§ **Records shown**:
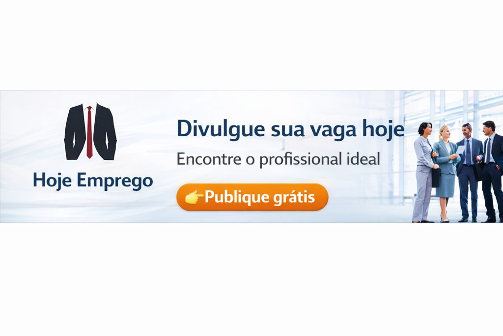 1. Observação: O Hoje noticias e Empregos atua apenas como um intermediário entre empresas e candidatos, não participando do processo seletivo e não cobrando qualquer taxa pela divulgação. Fique atento(a) a possíveis tentativas de golpes: NUNCA PAGUE ou forneça dados pessoais para obtenção de um CURSO, EMPREGO ou ENTREVISTA.
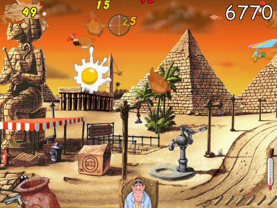 CHICKEN SHOOT 2 est un jeu de tir riche en surprises. Vous n'aurez pas le temps de réfléchir... Alors tirez dans le tas ! Dans chaque mission, vous pouvez récupérer de nombreux objets mais aussi décrocher des points bonus en cas d'action remarquables. Il est donc très facile, et notamment au cours des premiers niveaux, d'engranger un max de points, mais au fur et à mesure des missions, le niveau de difficulté montera d'un cran et atteindra son paroxysme lors des ultimes missions ! D'innombrables gadgets, conçus de façon individuelle pour chaque niveau, réserveront aux joueurs des heures de jeu palpitant !
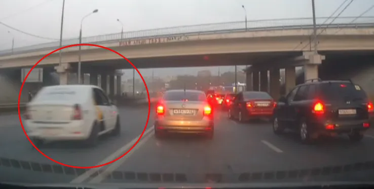 В соцсети попало видео, где таксист, чтобы объехать пробку, пролетел по встречной полосе. Водитель, вероятно, “родился в рубашке”. По словам очевидцев, мужчина на белом “Рено” пролетел, едва не врезавшись во встречный автомобиль.
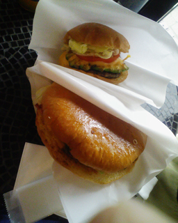 ま、写真見てくれ。上がレギュラー。レギュラーは普通のバーガーと同じくらいだったよ。
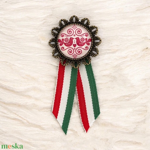 Üveglencsés kokárda március 15 népi motívummal bronz
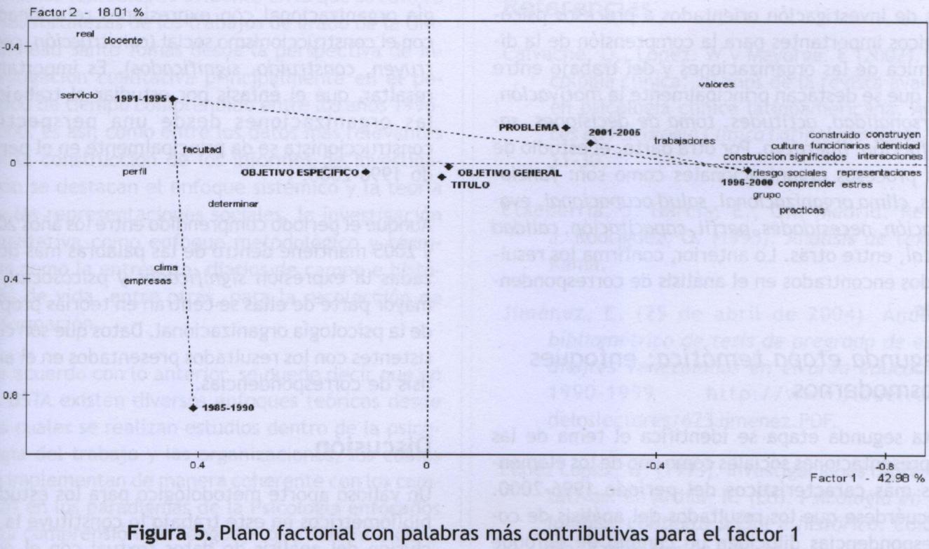 Esta segunda etapa se identifica el tema de las representaciones sociales como uno de los elementos más característicos del período 1996-2000. Recuérdese que los resultados del análisis de correspondencias dilucidan un cambio de enfoque teórico en la investigación de Psicología del trabajo y las organizaciones. Lo anterior, pone de manifiesto el interés por estudiar y comprender los aspectos simbólicos en el marco de la psicología organizacional con expresiones relacionadas con el construccionismo social (construcción, construyen, construido, significados). Es importante resaltar, que el énfasis por estudiar el trabajo y las organizaciones desde una perspectiva construccionista se da principalmente en el período 1996-2000.
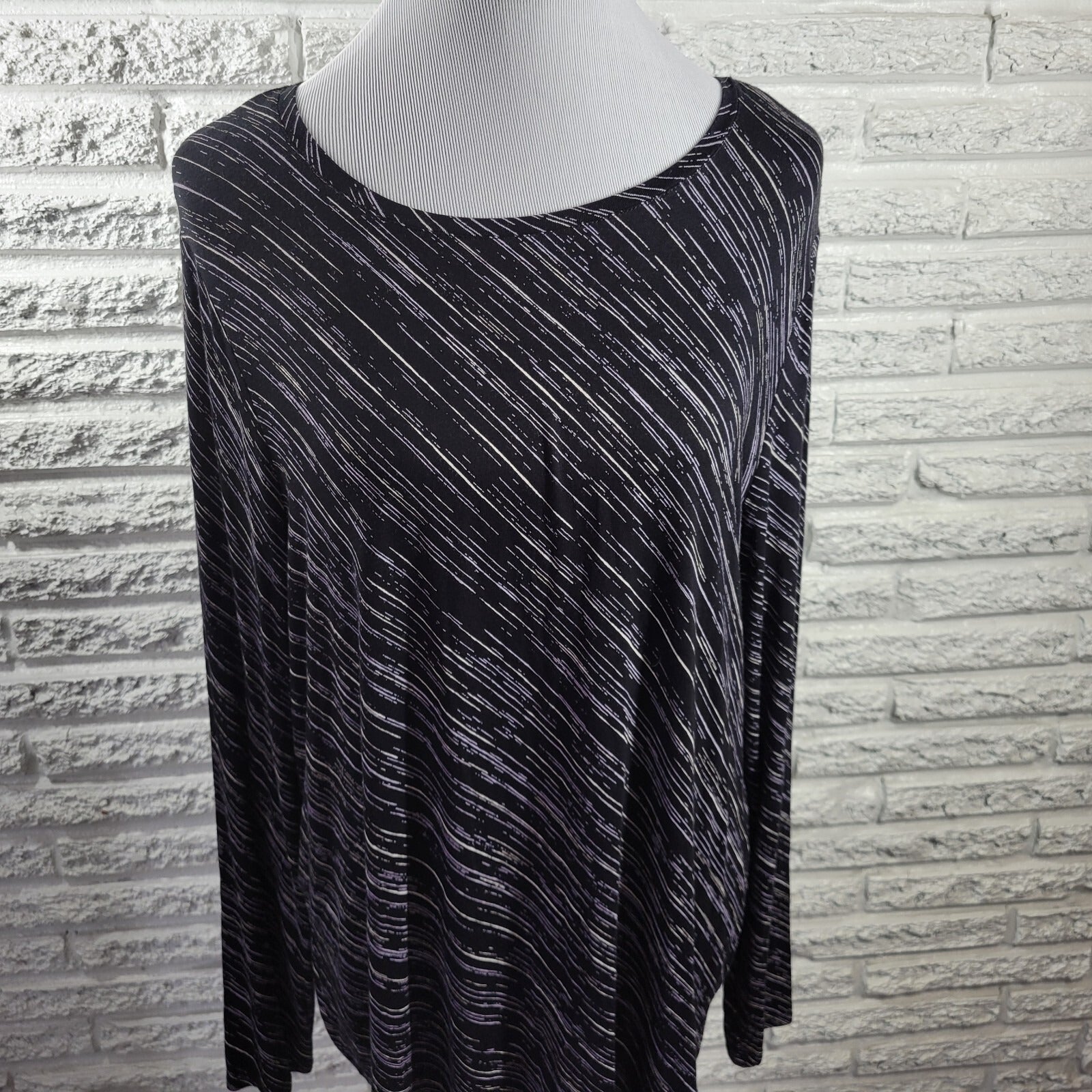 Apt 9 Essentials Womens Top Extra Large Black Diagonal Stripe Comfy Casual
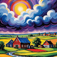 yellow orb breaking through the clouds towards the bottom right corner of the image. The foreground features a verdant field that transitions into a line of trees along the horizon. The scene conveys a sense of serenity and natural beauty, often associated with rural life or landscapes that are part of traditional folk art themes.
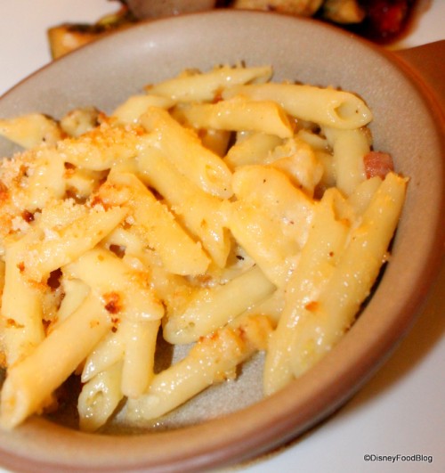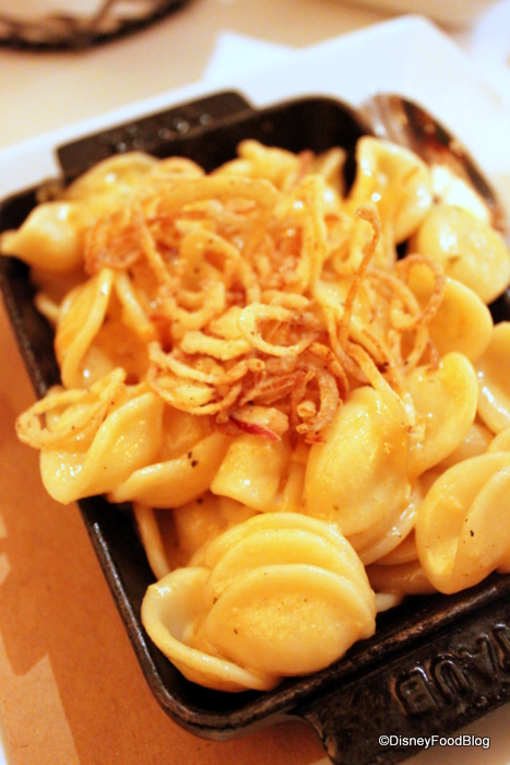 First, we gotta take a gander at good old macaroni and cheese. When I asked Disney World’s Sanaa Chef Bob Getchell about the gourmet mac and cheese trend that seems to be taking over Disney restaurants, he mentioned that chefs like to make food they themselves love; many have fond memories of mac and cheese while they were growing up, and they want to create new and improved contemporary recipes for the dish. Here are a few of our favorite versions on and around Disney property:
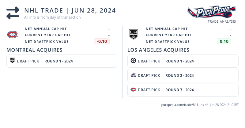The Montreal Canadiens acquired a 2024 1st round pick (#21) from the Los Angeles Kings for a 2024 1st round pick (#26), 2024 2nd round pick (#57) and 2024 7th round pick (#198)
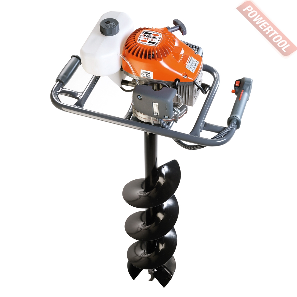 • Рабочей частью агрегата является винтообразный бур или шнек, который приводится во вращение с помощью двухтактного бензинового двигателя.
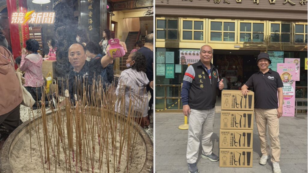 陳京愷將媽祖聯名旅行隨身組於香爐上繞圈祈福(圖左);圖右為拱天宮委員駱文楊與牙得安總經理陳京愷合影,象徵品牌與信仰的連結。(圖:記者羅少君/攝)
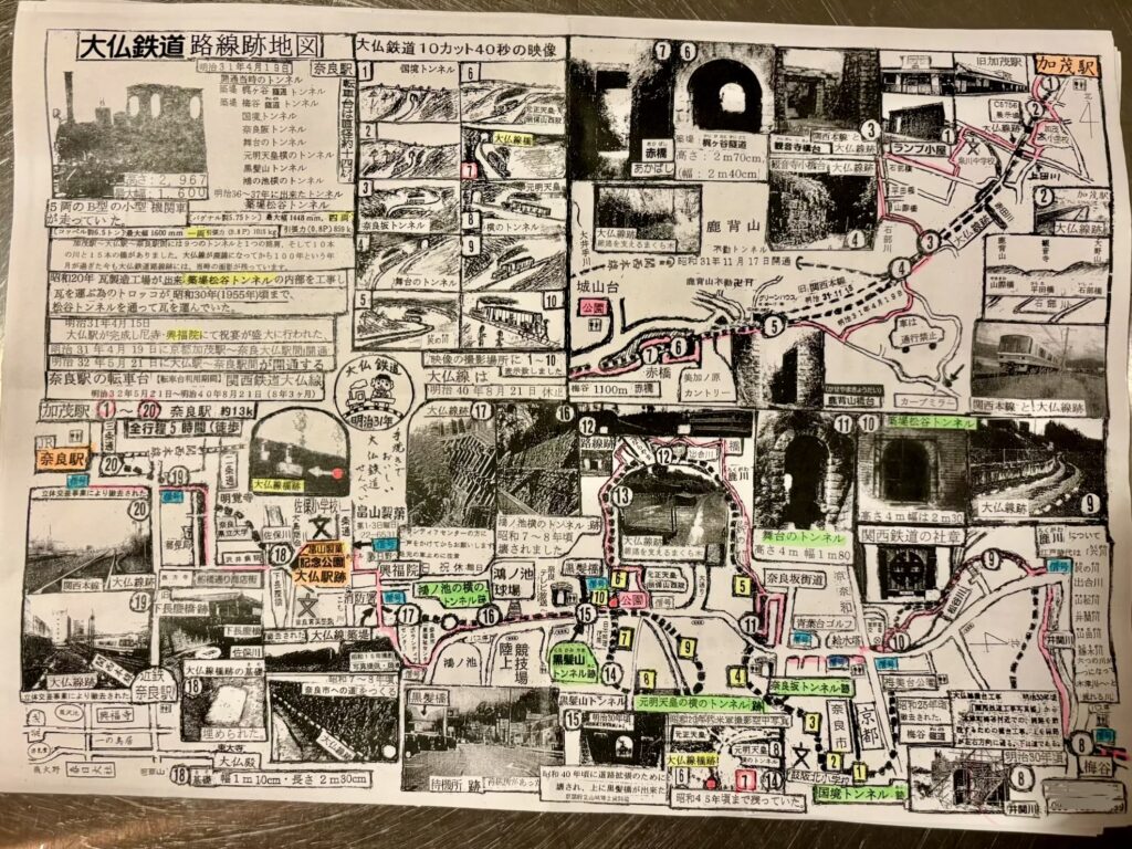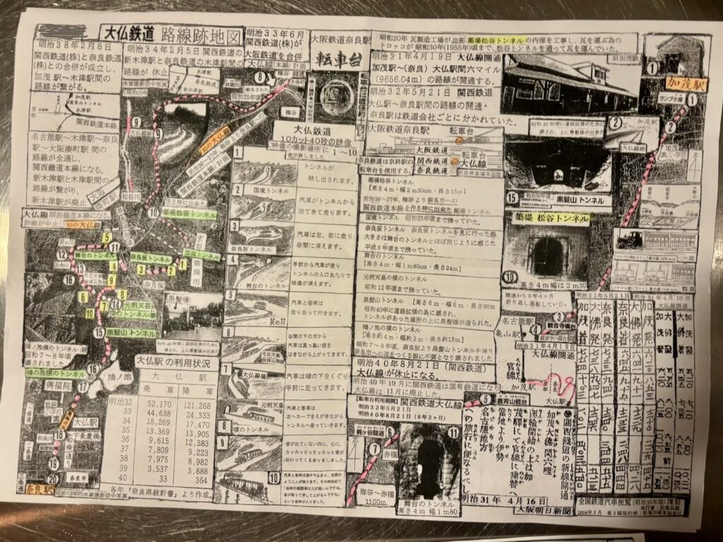 『はい、そうです』と返事をすると『良かったらこれをどうぞ。』と下の写真の地図と資料をいただきました。お話を聞くと地元で大仏鉄道の調査をされている方だそうで、膨大な資料とその細かさにびっくりしました。
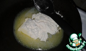 Для приготовления соуса растопить сливочное масло, всыпать муку и обжарить ее до золотистого цвета
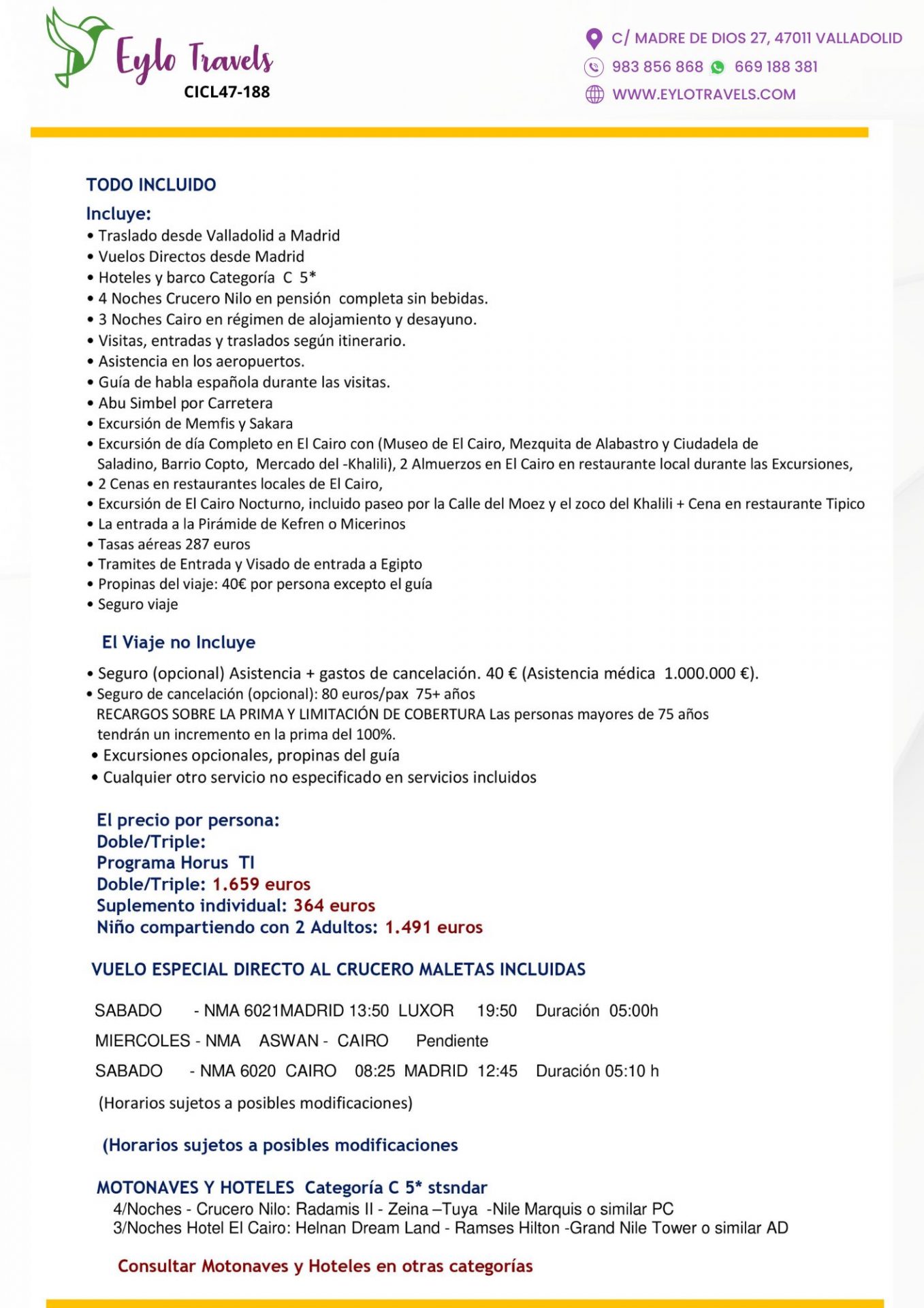 - Crucero: 4 Noches a bordo de un motonave/hotel Categoría 5* Estándar (como el Radamis II o similar), en régimen de Pensión Completa Sin Bebidas.

§ **Task to carry out**: Pictures are to be left out. Otherwise, copy the material above exactly.

§ **Task output**:
 1. Observação: O Hoje noticias e Empregos atua apenas como um intermediário entre empresas e candidatos, não participando do processo seletivo e não cobrando qualquer taxa pela divulgação. Fique atento(a) a possíveis tentativas de golpes: NUNCA PAGUE ou forneça dados pessoais para obtenção de um CURSO, EMPREGO ou ENTREVISTA.
 CHICKEN SHOOT 2 est un jeu de tir riche en surprises. Vous n'aurez pas le temps de réfléchir... Alors tirez dans le tas ! Dans chaque mission, vous pouvez récupérer de nombreux objets mais aussi décrocher des points bonus en cas d'action remarquables. Il est donc très facile, et notamment au cours des premiers niveaux, d'engranger un max de points, mais au fur et à mesure des missions, le niveau de difficulté montera d'un cran et atteindra son paroxysme lors des ultimes missions ! D'innombrables gadgets, conçus de façon individuelle pour chaque niveau, réserveront aux joueurs des heures de jeu palpitant !
 В соцсети попало видео, где таксист, чтобы объехать пробку, пролетел по встречной полосе. Водитель, вероятно, “родился в рубашке”. По словам очевидцев, мужчина на белом “Рено” пролетел, едва не врезавшись во встречный автомобиль.
 ま、写真見てくれ。上がレギュラー。レギュラーは普通のバーガーと同じくらいだったよ。
 Üveglencsés kokárda március 15 népi motívummal bronz
 Esta segunda etapa se identifica el tema de las representaciones sociales como uno de los elementos más característicos del período 1996-2000. Recuérdese que los resultados del análisis de correspondencias dilucidan un cambio de enfoque teórico en la investigación de Psicología del trabajo y las organizaciones. Lo anterior, pone de manifiesto el interés por estudiar y comprender los aspectos simbólicos en el marco de la psicología organizacional con expresiones relacionadas con el construccionismo social (construcción, construyen, construido, significados). Es importante resaltar, que el énfasis por estudiar el trabajo y las organizaciones desde una perspectiva construccionista se da principalmente en el período 1996-2000.
 Apt 9 Essentials Womens Top Extra Large Black Diagonal Stripe Comfy Casual
 yellow orb breaking through the clouds towards the bottom right corner of the image. The foreground features a verdant field that transitions into a line of trees along the horizon. The scene conveys a sense of serenity and natural beauty, often associated with rural life or landscapes that are part of traditional folk art themes.
 First, we gotta take a gander at good old macaroni and cheese. When I asked Disney World’s Sanaa Chef Bob Getchell about the gourmet mac and cheese trend that seems to be taking over Disney restaurants, he mentioned that chefs like to make food they themselves love; many have fond memories of mac and cheese while they were growing up, and they want to create new and improved contemporary recipes for the dish. Here are a few of our favorite versions on and around Disney property:
The Montreal Canadiens acquired a 2024 1st round pick (#21) from the Los Angeles Kings for a 2024 1st round pick (#26), 2024 2nd round pick (#57) and 2024 7th round pick (#198)
 • Рабочей частью агрегата является винтообразный бур или шнек, который приводится во вращение с помощью двухтактного бензинового двигателя.
 陳京愷將媽祖聯名旅行隨身組於香爐上繞圈祈福(圖左);圖右為拱天宮委員駱文楊與牙得安總經理陳京愷合影,象徵品牌與信仰的連結。(圖:記者羅少君/攝)
 『はい、そうです』と返事をすると『良かったらこれをどうぞ。』と下の写真の地図と資料をいただきました。お話を聞くと地元で大仏鉄道の調査をされている方だそうで、膨大な資料とその細かさにびっくりしました。
 Для приготовления соуса растопить сливочное масло, всыпать муку и обжарить ее до золотистого цвета
 - Crucero: 4 Noches a bordo de un motonave/hotel Categoría 5* Estándar (como el Radamis II o similar), en régimen de Pensión Completa Sin Bebidas.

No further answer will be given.